# Goal of the exercise
The line containing "Porque los desafíos" and every line after it, through the end of the material: copy these exactly and nothing else, leaving pictures out.
:::
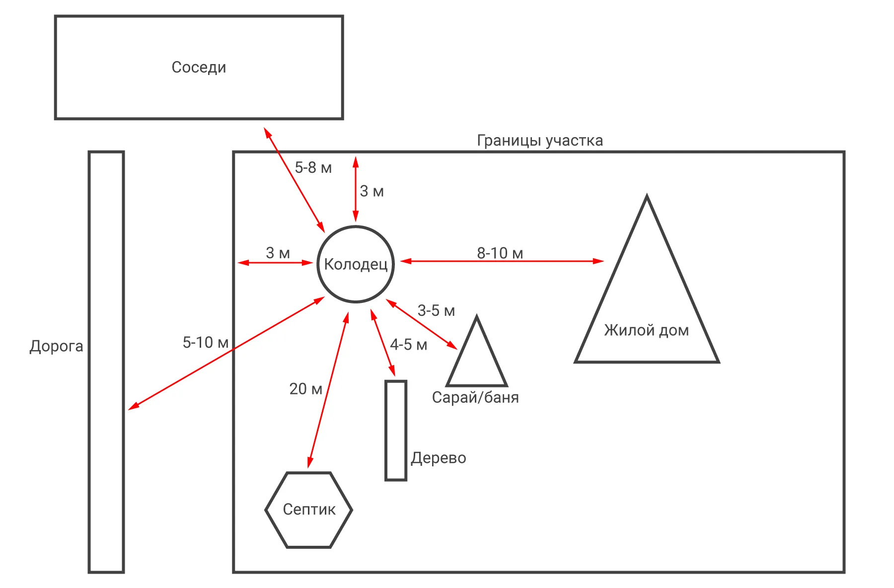 - Границы участка. Нельзя располагать колодец близко к ним, иначе возможны проблемы: споры с соседями из-за источника воды, нарушения санитарных норм (например, если сосед построит рядом септик), сложности с обслуживанием колодца, когда нужно подойти к нему с другой стороны.
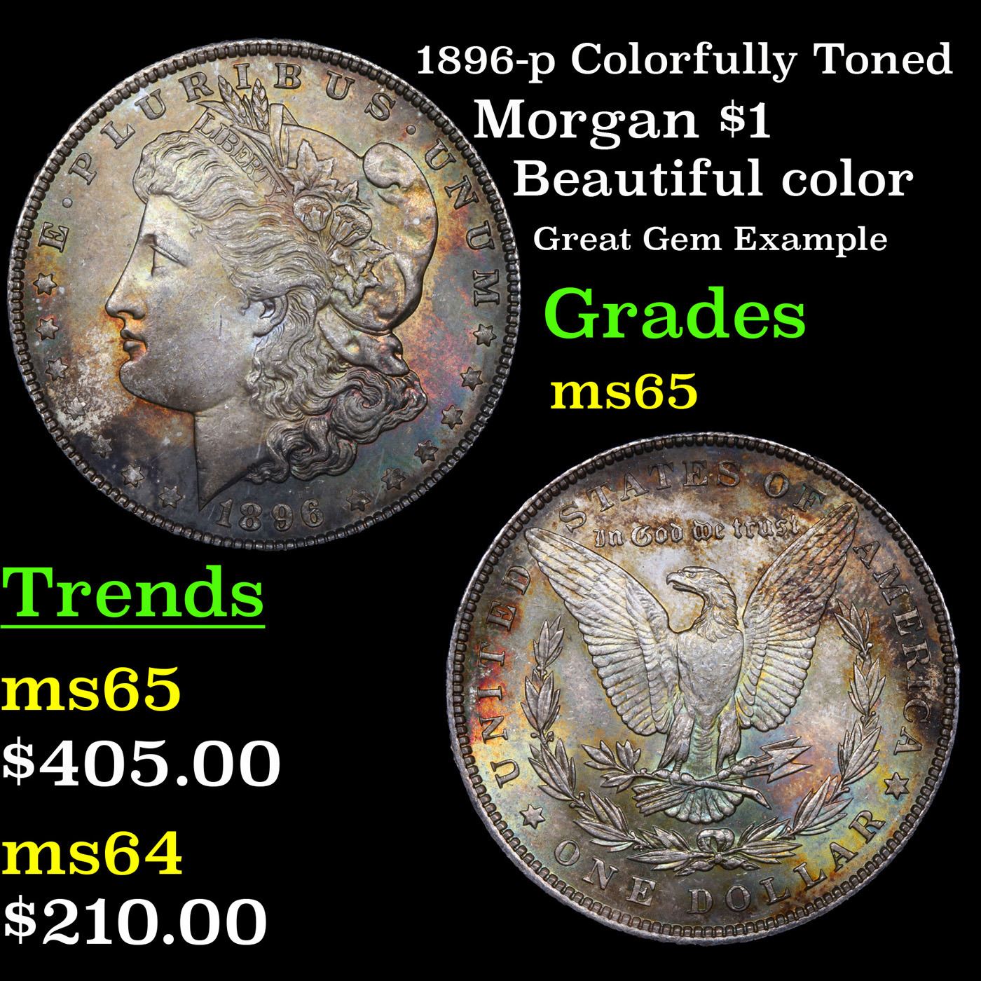 1896-p Colorfully Toned Morgan Dollar $1 Grades GEM Unc.
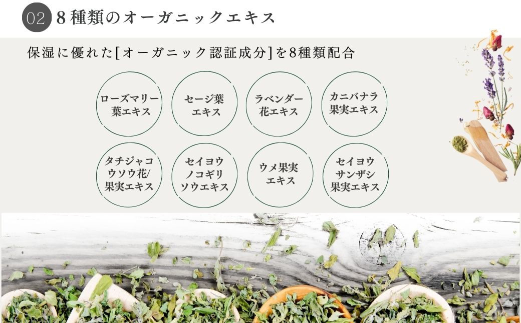原材料:水、グリセリン、DPG、リンゴ果実培養細胞エキス、ヒアルロン酸Na、ローズマリー葉エキス、セージ葉エキス、ラベンダー花エキス、セイヨウサンザシ果実エキス、タチジャコウソウ花ノ葉エキス、セイヨウノコギリソウエキス、カニナバラ果実エキス、ウメ果実エキス、BG、レシチン、フォリオタミクロスボラ多糖体、ポリクオタニウム-51、グリチルリチン酸2K、PEG-60水添ヒマシ油、クエン酸、クエン酸Na、キサンタンガム、ヒドロキシアセトフェノン、フェノキシエタノール、香料
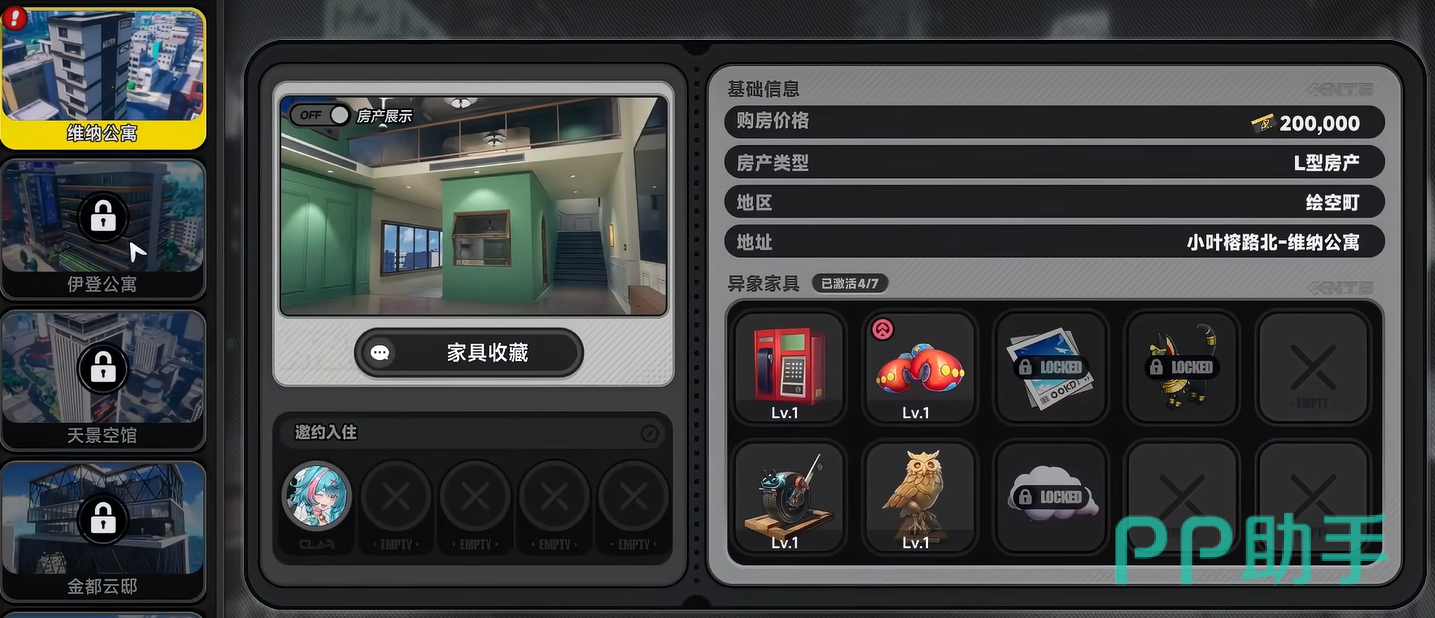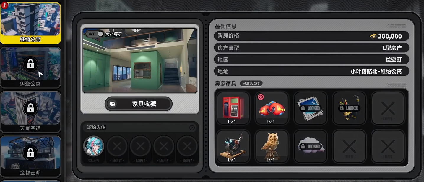 房产系统构成都市大亨另一核心支柱。房屋按价格划分为多个档位,基础小户型起售价为20万方斯,顶级豪华别墅标价800万方斯。不同房产除售价差异外,功能性亦逐级增强:小户型仅支持1名角色入住;别墅则可容纳5名角色协同生活,并内置专属隐藏副本。该副本需消耗活力值进入,通关后可稳定获取方斯奖励。
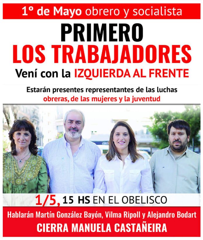 Porque los desafíos y las posibilidades son inmensos, invitamos a toda nuestra militancia, simpatizantes y familiares a participar del acto del 1° de Mayo en el Obelisco, acto en el cual se expresarán delegaciones de las actuales luchas obreras, juveniles, docentes y del movimiento de mujeres y que tenemos el orgullo de anunciar que será cerrado por nuestra compañera Manuela Castañeira, la principal figura política de La Izquierda al Frente por el Socialismo.
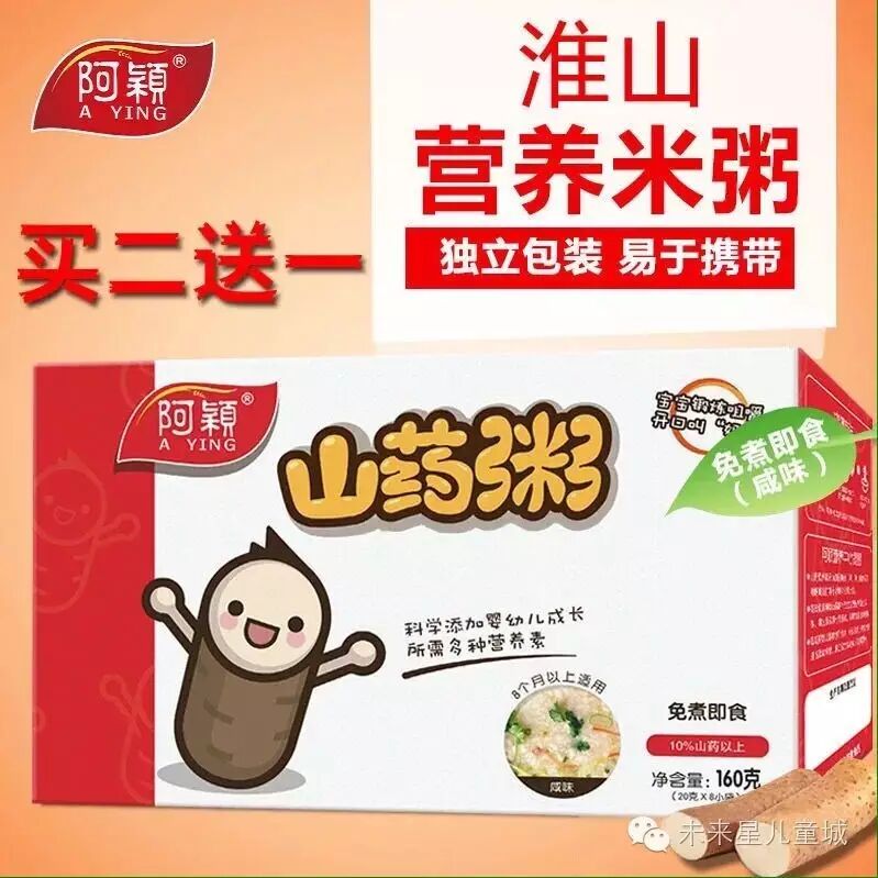 预存1元享阿颖山药营养粥 20克*8包甜味 婴儿辅食方便速食宝宝粥买二送一盒活政策动
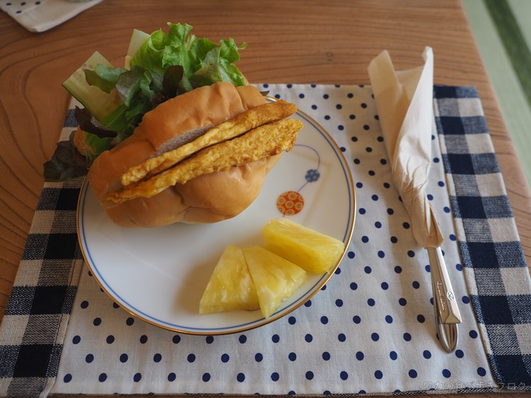 コッペパンは柔らかく、野菜と玉子であっさりと優しい味わいのサンドイッチ♪
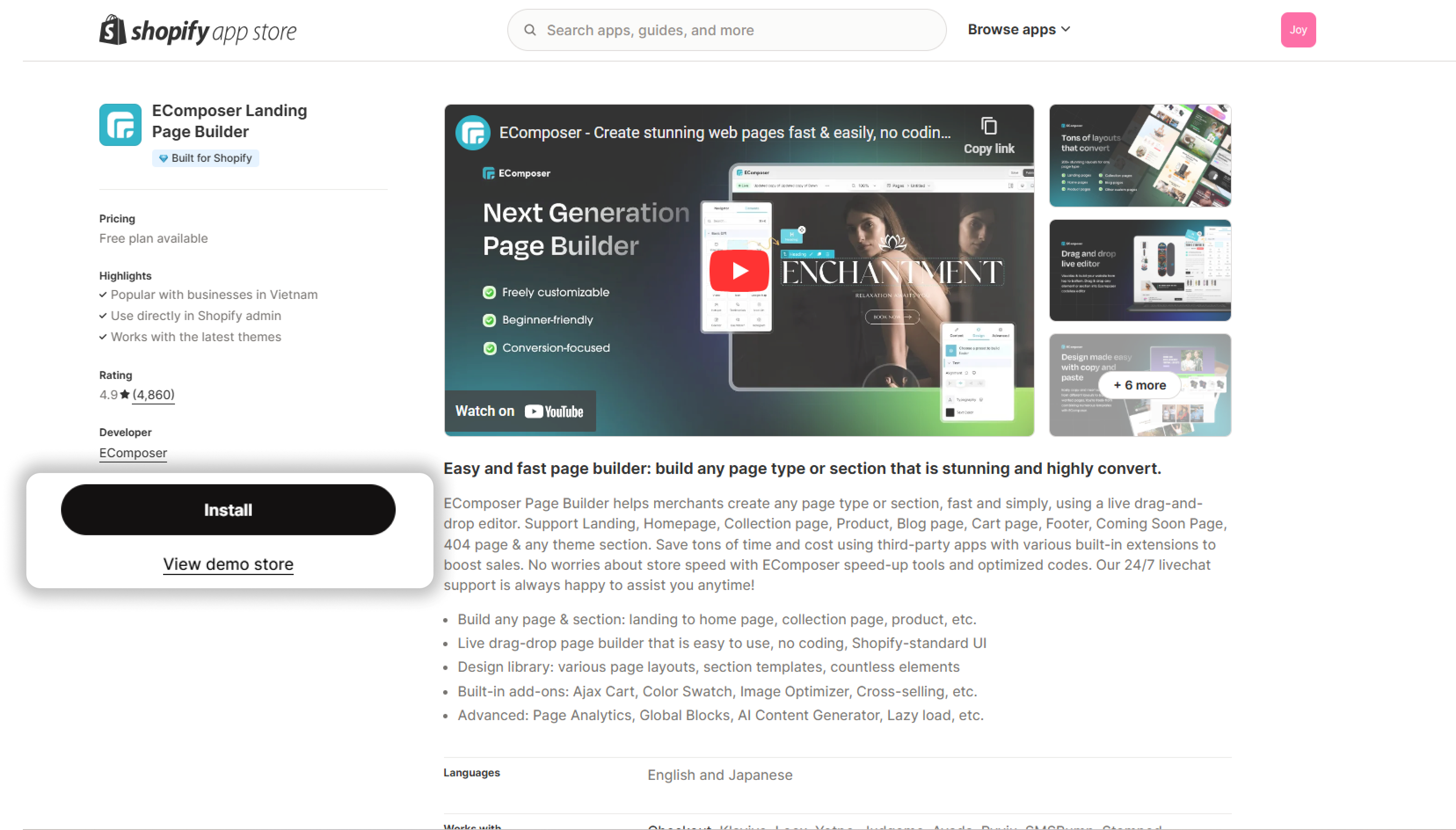 **Use EComposer Landing Page Builder with Joy Subscription**
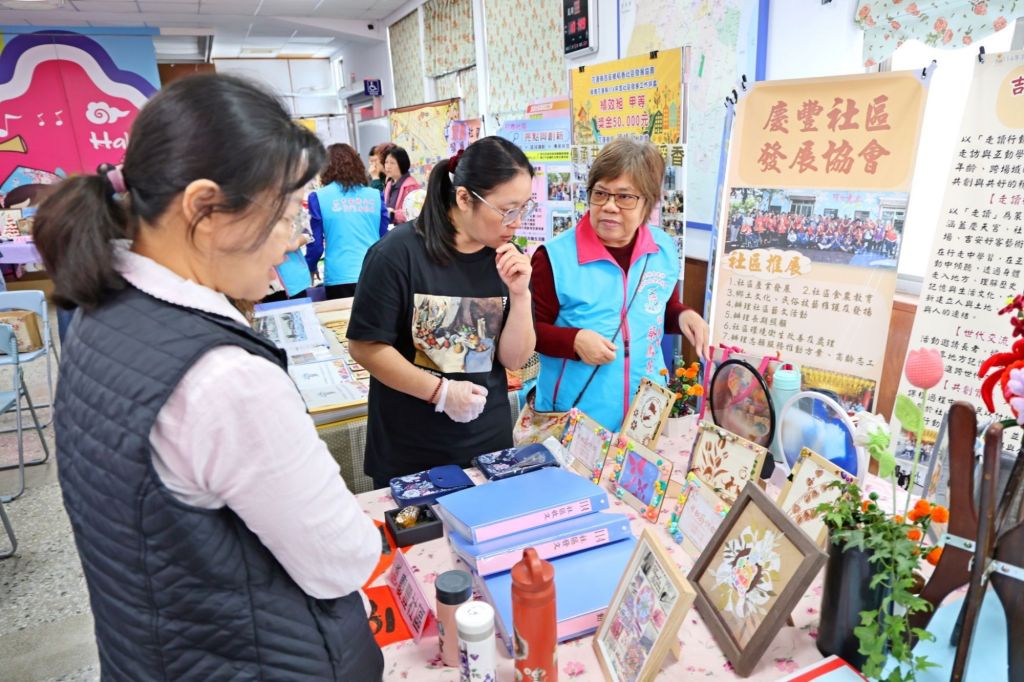 評鑑會場中陳列琳瑯滿目的社區服務成果,例如:稻香社區開辦長者嘻哈街舞、雷雕及無人機教學等多元課程;宜昌社區繪製「宜昌生活圈」社區街道圖,納入重點館舍、美食與景點等實用資訊;太昌社區則積極推動「數位應用培力」,教導長輩使用AI工具,促進數位共融…等,皆獲評審好評。
:::
# Written solution
 Porque los desafíos y las posibilidades son inmensos, invitamos a toda nuestra militancia, simpatizantes y familiares a participar del acto del 1° de Mayo en el Obelisco, acto en el cual se expresarán delegaciones de las actuales luchas obreras, juveniles, docentes y del movimiento de mujeres y que tenemos el orgullo de anunciar que será cerrado por nuestra compañera Manuela Castañeira, la principal figura política de La Izquierda al Frente por el Socialismo.
 预存1元享阿颖山药营养粥 20克*8包甜味 婴儿辅食方便速食宝宝粥买二送一盒活政策动
 コッペパンは柔らかく、野菜と玉子であっさりと優しい味わいのサンドイッチ♪
 **Use EComposer Landing Page Builder with Joy Subscription**
 評鑑會場中陳列琳瑯滿目的社區服務成果,例如:稻香社區開辦長者嘻哈街舞、雷雕及無人機教學等多元課程;宜昌社區繪製「宜昌生活圈」社區街道圖,納入重點館舍、美食與景點等實用資訊;太昌社區則積極推動「數位應用培力」,教導長輩使用AI工具,促進數位共融…等,皆獲評審好評。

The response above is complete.